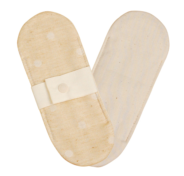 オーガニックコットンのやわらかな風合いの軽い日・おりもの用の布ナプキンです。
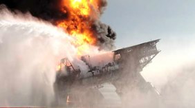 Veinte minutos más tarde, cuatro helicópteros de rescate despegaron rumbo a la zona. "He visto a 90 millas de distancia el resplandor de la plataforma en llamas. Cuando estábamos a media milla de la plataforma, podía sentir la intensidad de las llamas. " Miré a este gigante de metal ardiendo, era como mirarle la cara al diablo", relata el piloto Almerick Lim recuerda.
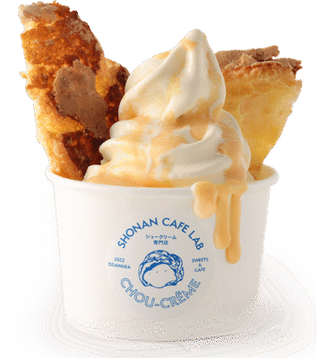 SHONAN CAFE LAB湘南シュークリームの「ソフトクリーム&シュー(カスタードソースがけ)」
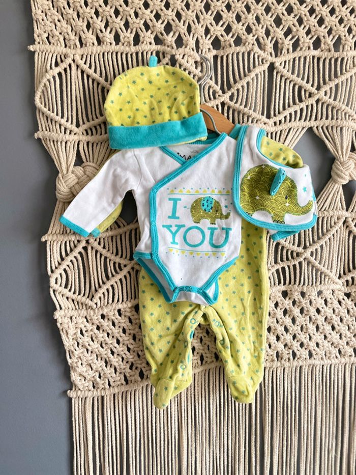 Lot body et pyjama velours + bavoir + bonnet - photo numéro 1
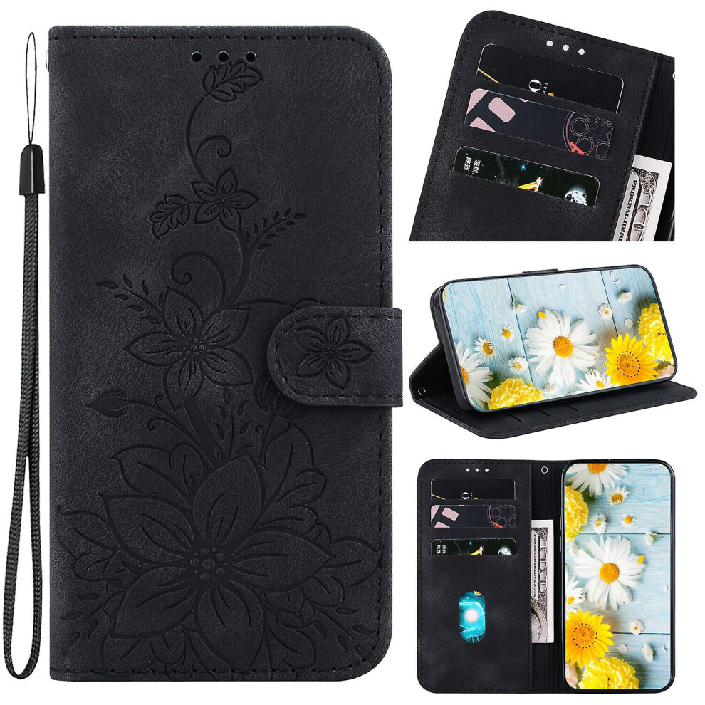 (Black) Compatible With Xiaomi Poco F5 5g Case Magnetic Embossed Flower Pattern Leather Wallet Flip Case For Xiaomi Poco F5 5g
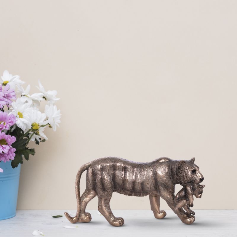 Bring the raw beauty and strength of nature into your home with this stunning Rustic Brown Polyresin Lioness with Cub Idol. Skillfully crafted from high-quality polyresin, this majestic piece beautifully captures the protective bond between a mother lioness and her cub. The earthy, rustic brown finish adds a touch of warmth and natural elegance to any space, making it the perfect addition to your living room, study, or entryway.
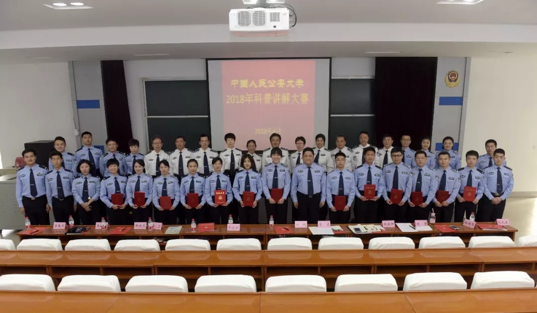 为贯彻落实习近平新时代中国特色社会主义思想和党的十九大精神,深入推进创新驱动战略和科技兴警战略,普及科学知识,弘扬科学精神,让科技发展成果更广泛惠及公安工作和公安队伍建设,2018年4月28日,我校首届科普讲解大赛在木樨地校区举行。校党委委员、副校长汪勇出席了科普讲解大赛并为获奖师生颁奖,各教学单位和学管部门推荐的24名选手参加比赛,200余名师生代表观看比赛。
◇ ◇ ◇
**EXERCISE DIRECTIONS**
Please restate the entries word for word. Skip the pictures.

**SOLUTION TO THIS TASK**
 オーガニックコットンのやわらかな風合いの軽い日・おりもの用の布ナプキンです。
 Veinte minutos más tarde, cuatro helicópteros de rescate despegaron rumbo a la zona. "He visto a 90 millas de distancia el resplandor de la plataforma en llamas. Cuando estábamos a media milla de la plataforma, podía sentir la intensidad de las llamas. " Miré a este gigante de metal ardiendo, era como mirarle la cara al diablo", relata el piloto Almerick Lim recuerda.
 SHONAN CAFE LAB湘南シュークリームの「ソフトクリーム&シュー(カスタードソースがけ)」
 Lot body et pyjama velours + bavoir + bonnet - photo numéro 1
 (Black) Compatible With Xiaomi Poco F5 5g Case Magnetic Embossed Flower Pattern Leather Wallet Flip Case For Xiaomi Poco F5 5g
 Bring the raw beauty and strength of nature into your home with this stunning Rustic Brown Polyresin Lioness with Cub Idol. Skillfully crafted from high-quality polyresin, this majestic piece beautifully captures the protective bond between a mother lioness and her cub. The earthy, rustic brown finish adds a touch of warmth and natural elegance to any space, making it the perfect addition to your living room, study, or entryway.
 为贯彻落实习近平新时代中国特色社会主义思想和党的十九大精神,深入推进创新驱动战略和科技兴警战略,普及科学知识,弘扬科学精神,让科技发展成果更广泛惠及公安工作和公安队伍建设,2018年4月28日,我校首届科普讲解大赛在木樨地校区举行。校党委委员、副校长汪勇出席了科普讲解大赛并为获奖师生颁奖,各教学单位和学管部门推荐的24名选手参加比赛,200余名师生代表观看比赛。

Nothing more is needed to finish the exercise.